**Exercise aim**
Would you reproduce exactly, and only, the lines starting at the one with "ワイド プリーツ デニム ハイウエスト スカート" and ending at the last line of the data, with both included? Leave the pictures out.

**Supplied data**
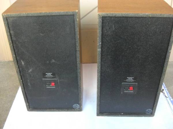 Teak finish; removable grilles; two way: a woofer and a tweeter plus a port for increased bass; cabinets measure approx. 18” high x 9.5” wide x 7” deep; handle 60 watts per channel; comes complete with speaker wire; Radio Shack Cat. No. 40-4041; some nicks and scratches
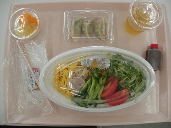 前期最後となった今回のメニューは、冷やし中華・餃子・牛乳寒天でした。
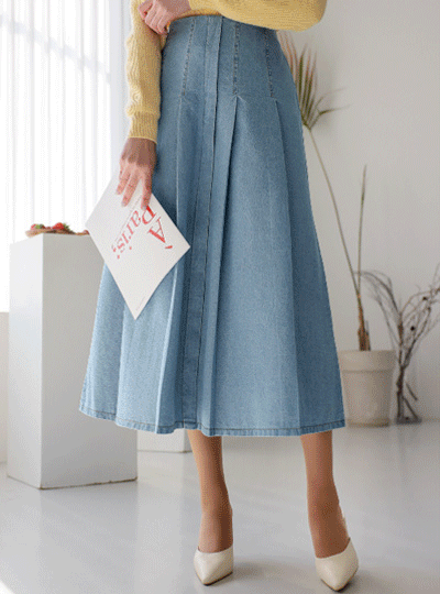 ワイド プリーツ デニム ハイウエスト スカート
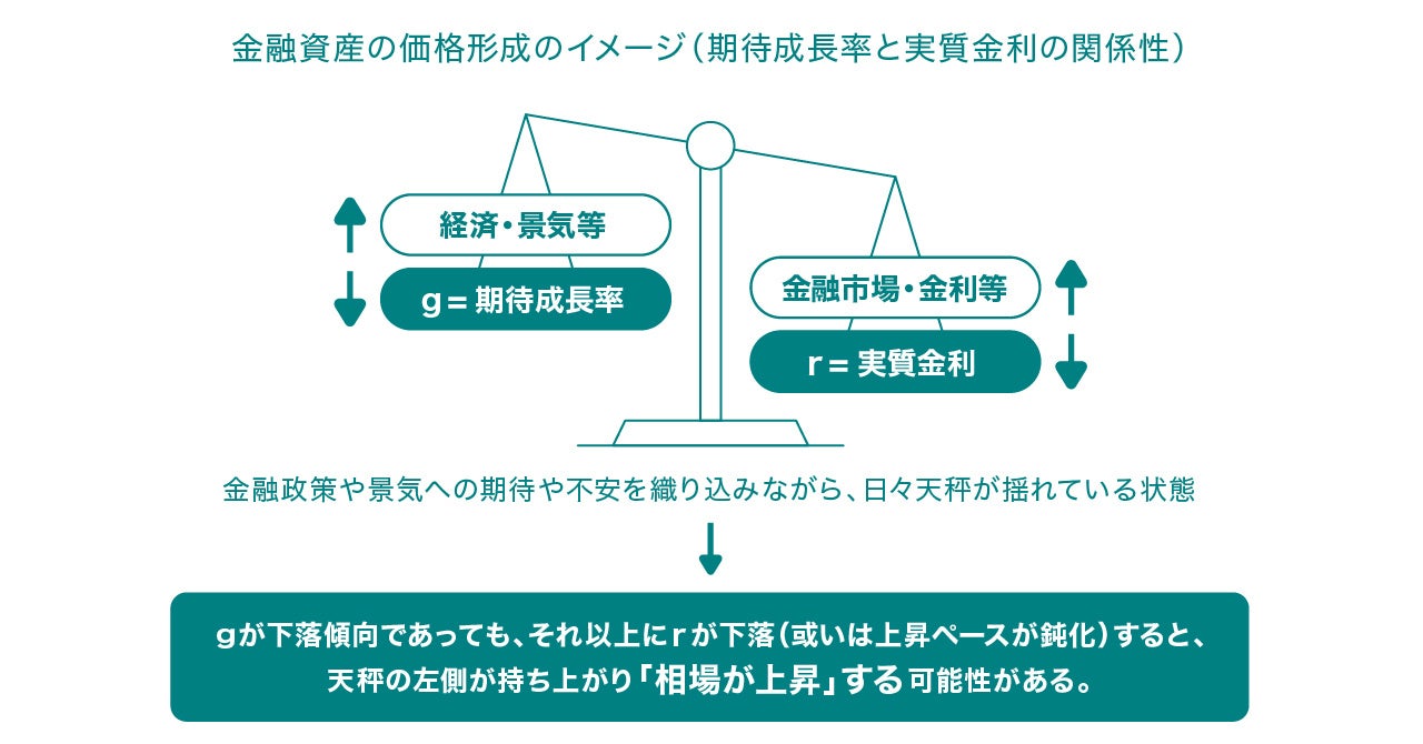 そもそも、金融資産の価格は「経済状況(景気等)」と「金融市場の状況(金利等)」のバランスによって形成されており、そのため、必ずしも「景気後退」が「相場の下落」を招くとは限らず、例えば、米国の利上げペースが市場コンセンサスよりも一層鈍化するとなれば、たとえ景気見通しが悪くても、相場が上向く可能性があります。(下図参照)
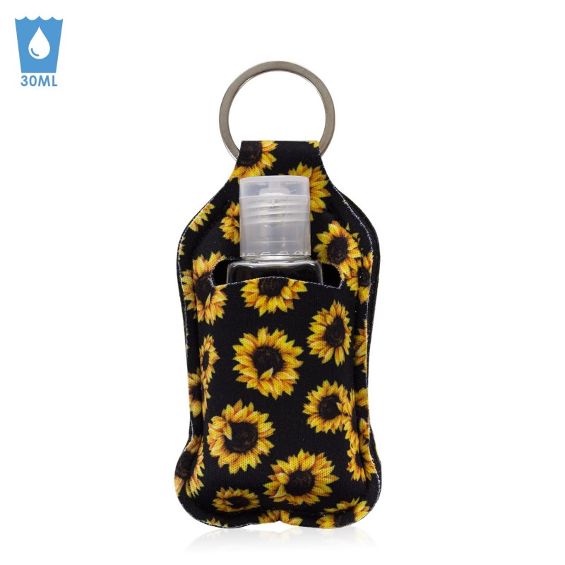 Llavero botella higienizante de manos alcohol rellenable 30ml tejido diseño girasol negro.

**Problem solution**
 ワイド プリーツ デニム ハイウエスト スカート
 そもそも、金融資産の価格は「経済状況(景気等)」と「金融市場の状況(金利等)」のバランスによって形成されており、そのため、必ずしも「景気後退」が「相場の下落」を招くとは限らず、例えば、米国の利上げペースが市場コンセンサスよりも一層鈍化するとなれば、たとえ景気見通しが悪くても、相場が上向く可能性があります。(下図参照)
 Llavero botella higienizante de manos alcohol rellenable 30ml tejido diseño girasol negro.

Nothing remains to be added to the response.